PROBLEM STATEMENT:
Repeat all of the data exactly. Leave nothing out.

DATA BELOW:
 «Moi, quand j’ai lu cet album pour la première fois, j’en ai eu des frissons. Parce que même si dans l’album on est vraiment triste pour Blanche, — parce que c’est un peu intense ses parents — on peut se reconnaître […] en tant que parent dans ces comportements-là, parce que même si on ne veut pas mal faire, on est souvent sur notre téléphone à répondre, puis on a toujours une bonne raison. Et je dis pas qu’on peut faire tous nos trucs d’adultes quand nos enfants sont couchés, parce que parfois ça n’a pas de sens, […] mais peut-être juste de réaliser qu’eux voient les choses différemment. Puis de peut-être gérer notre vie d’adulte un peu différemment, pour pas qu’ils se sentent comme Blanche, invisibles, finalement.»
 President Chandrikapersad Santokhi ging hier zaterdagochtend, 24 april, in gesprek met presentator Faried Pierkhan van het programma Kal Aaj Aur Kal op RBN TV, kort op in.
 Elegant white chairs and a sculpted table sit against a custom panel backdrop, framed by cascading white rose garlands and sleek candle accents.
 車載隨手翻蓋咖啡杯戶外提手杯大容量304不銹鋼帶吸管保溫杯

PROBLEM SOLUTION:
 «Moi, quand j’ai lu cet album pour la première fois, j’en ai eu des frissons. Parce que même si dans l’album on est vraiment triste pour Blanche, — parce que c’est un peu intense ses parents — on peut se reconnaître […] en tant que parent dans ces comportements-là, parce que même si on ne veut pas mal faire, on est souvent sur notre téléphone à répondre, puis on a toujours une bonne raison. Et je dis pas qu’on peut faire tous nos trucs d’adultes quand nos enfants sont couchés, parce que parfois ça n’a pas de sens, […] mais peut-être juste de réaliser qu’eux voient les choses différemment. Puis de peut-être gérer notre vie d’adulte un peu différemment, pour pas qu’ils se sentent comme Blanche, invisibles, finalement.»
 President Chandrikapersad Santokhi ging hier zaterdagochtend, 24 april, in gesprek met presentator Faried Pierkhan van het programma Kal Aaj Aur Kal op RBN TV, kort op in.
 Elegant white chairs and a sculpted table sit against a custom panel backdrop, framed by cascading white rose garlands and sleek candle accents.
 車載隨手翻蓋咖啡杯戶外提手杯大容量304不銹鋼帶吸管保溫杯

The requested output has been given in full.